While scholars believe that Noach as we know it was first written down in the years following the return from Babylonian captivity, its roots date back much further, since we know the written Torah was preceded by centuries of transmission through word of mouth as oral tradition.
But what if I told you Noach was a special case? Because this story might not even be an Israelite story. Noah, his ark, and the deluge that wiped clean the face of the earth trace their lineage to the fertile strip of land between the Tigris and Euphrates: Mesopotamia.
So was Noah actually a Babylonian? Hardly.
This epic, dating back to the 18th Century BCE, displays beat-for-beat parallels with Parshat Noach, but why? How? The hero of this much older and highly influential Babylonian flood myth was named Atrahasis, and the gods were mad.
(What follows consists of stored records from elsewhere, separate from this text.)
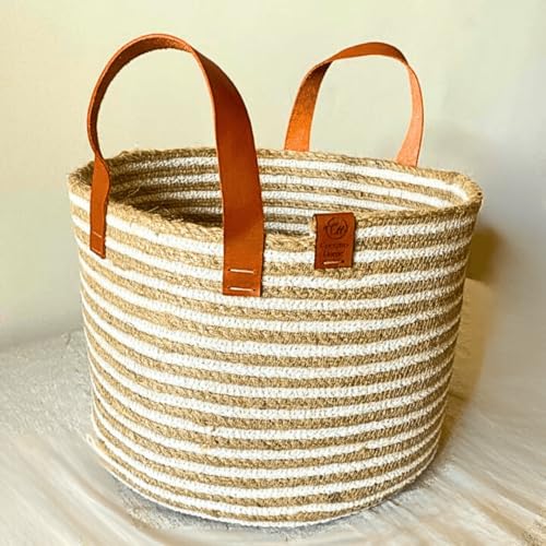 Coccaro Home - Jute Line Basket with Leather Handles, Off-White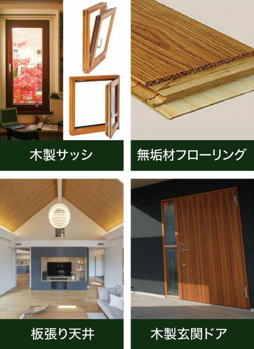 「北洲ダブル断熱」「木製サッシ」「無垢材フローリング」「板張り天井」「木製玄関ドア」のいずれかの商品を3つ以上ご採用いただくと、100万円分をサポートいたします。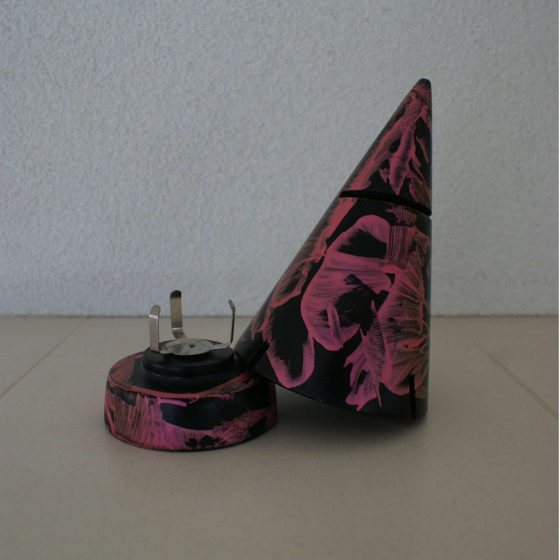 Diese Räucherfigur ist aus Lindenholz hergestellt und mit Acryl-Schimmerfarben bemalt.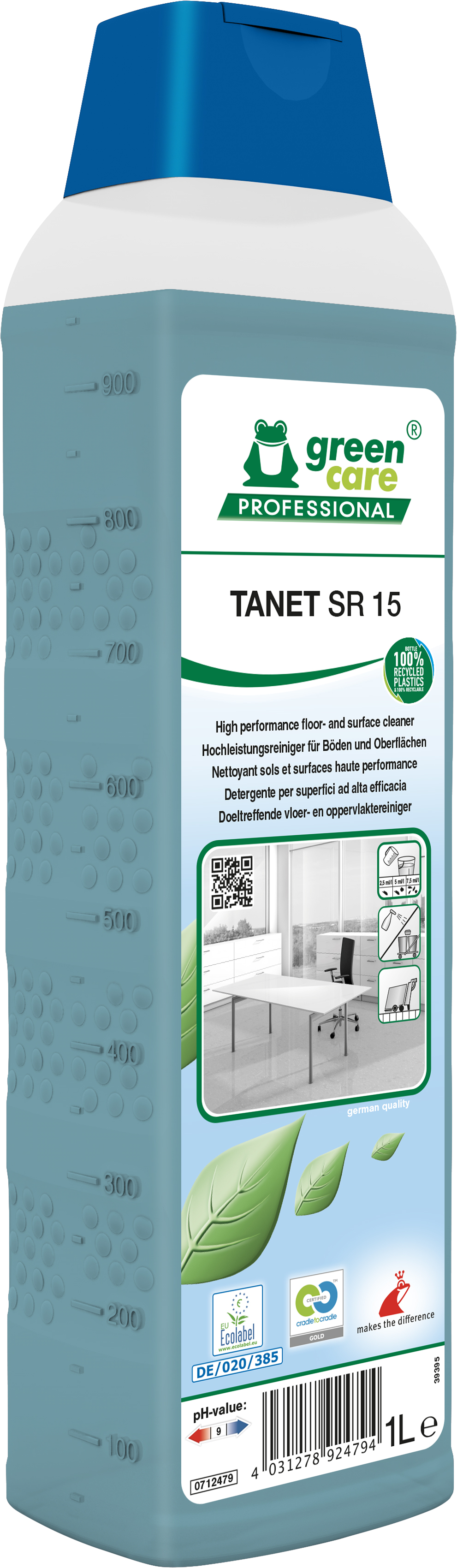 De Green Care Professional TANET SR 15 is een professionele vloer- en oppervlaktereiniger die topprestaties combineert met uitstekende milieueigenschappen. Dankzij het sterke bevochtigingsvermogen verwijdert dit product vuil en vet snel en grondig, zelfs op poreuze vloeren en hydrofobische oppervlakken zoals PUR, zonder strepen achter te laten.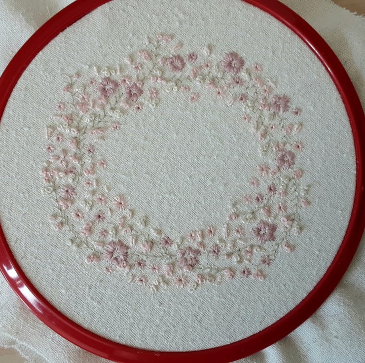 Delicate hand embroidery in pale pinks and naturals onto natural silk noil fabric. I have hand embroidered flowers and blossom in very soft pinks using 1 and 2 strands from 6 stranded dmc threads.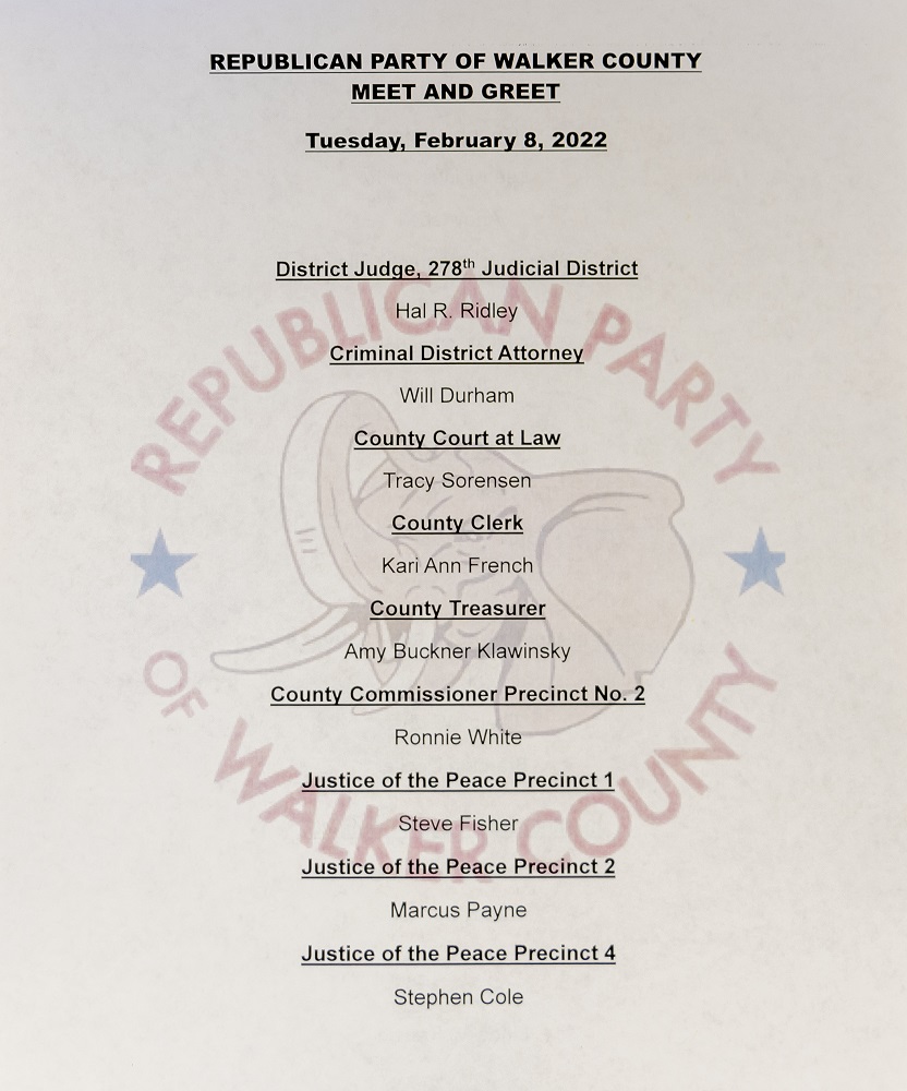 On Tuesday, February 8, 2022, the Walker County Republican Party hosted a Meet and Greet for the upcoming March 1 primary election. Members from the community were able to hear from most of the Candidates who are running.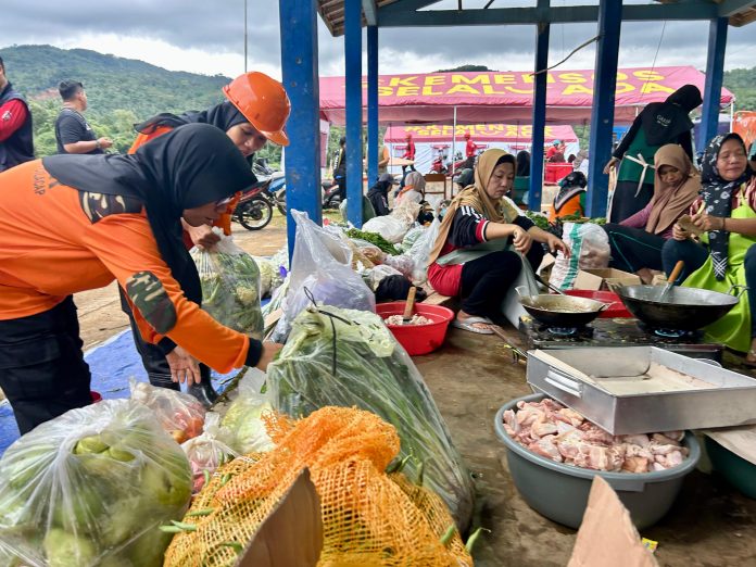 CILACAP – Kebutuhan makan dan minum bagi pengungsi maupun petugas dan relawan di lokasi longsor Desa Cibeunying, Kecamatan Majenang, Kabupaten Cilacap, dipastikan tercukupi. Dapur umum Dinas Sosial (Dinsos) beroperasi 24 jam dan menyediakan ribuan paket makanan setiap harinya.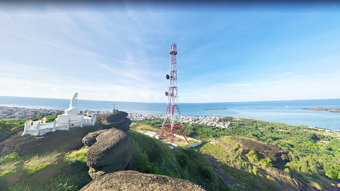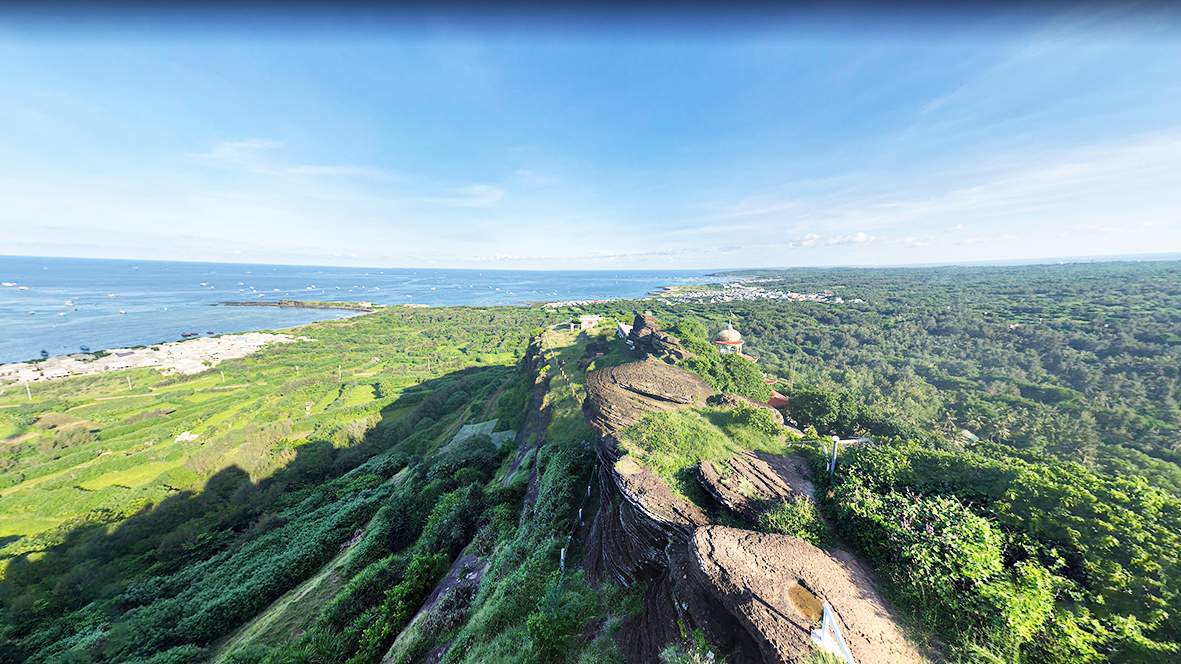 Sau khi leo một con dốc khá cao để lên đến đỉnh, du khách sẽ được chiêm ngưỡng phong cảnh hữu tình và tầm nhìn bao quát bắc đảo, ngắm nhìn những tuyệt tác do gió và nham thạch núi lửa để lại, xa xa là những mái nhà tại xóm đảo Long Hải.

This hero of the Babylonian flood myth learns from the god Enki that the rest of the pantheon wishes to wipe out humanity. Atrahasis builds a boat, climbs aboard with his family, friends, animals, and provisions, and seals himself inside. While a cataclysmic flood wipes out all other life on earth, the divinely-chosen hero survives. When the flood waters recede, Atrahasis sends out a raven who, finding land to rest on, does not return, letting him know it is safe to exit the ark.
So how do we answer our question from earlier? What accounts for these parallels? Why and how? It’s simple: coexistence and cultural exchange! The Babylonian exile didn’t just bring psalms, hymns, and prophets; it gave us Noah’s Ark! There are more telltale signs of this story being loaned from the Babylonians. Take, for example, the word for flood, mabul; this probable loan word from Akkadian (the ancient Semitic language of the Babylonians), would have been alien to much of Parshat Noach’s early audience, so the author was kind enough to explain what it meant, “waters upon the earth”. Floods were commonplace in Babylonia, where the Tigris and Euphrates flooded irregularly and violently. On the other hand, to a Levantine audience living in the land of Israel, such a concept was entirely foreign.
So what does this all mean? Why does it matter that Noah’s Ark was lifted from a Babylonian epic?
The Babylonian Exile is the lamentation of ancient Judaism, second only to the destruction of Herod’s Temple by the Romans. It is the singular event that the Jewish people mourned for centuries, and yet it is also the source of one of Judaism’s most foundational texts. Yes, the idea of a flood and an ark and a bird are of Babylonian origin, but Noah is not Atrahasis. The point of Parshat Noach is not that humanity was wicked and god killed them all, it is that Noah was righteous, and god made a covenant never to destroy humanity again.
From the tragedy of the Exile came the promise from God never to destroy humanity. From the near destruction of the Jewish people, the destruction of the temple in Jerusalem, and the beginning of the diaspora that would come to define Judaism for millennia to come, rose the explicit promise from God Almighty to protect humanity Le’olam va’ed – for all eternity.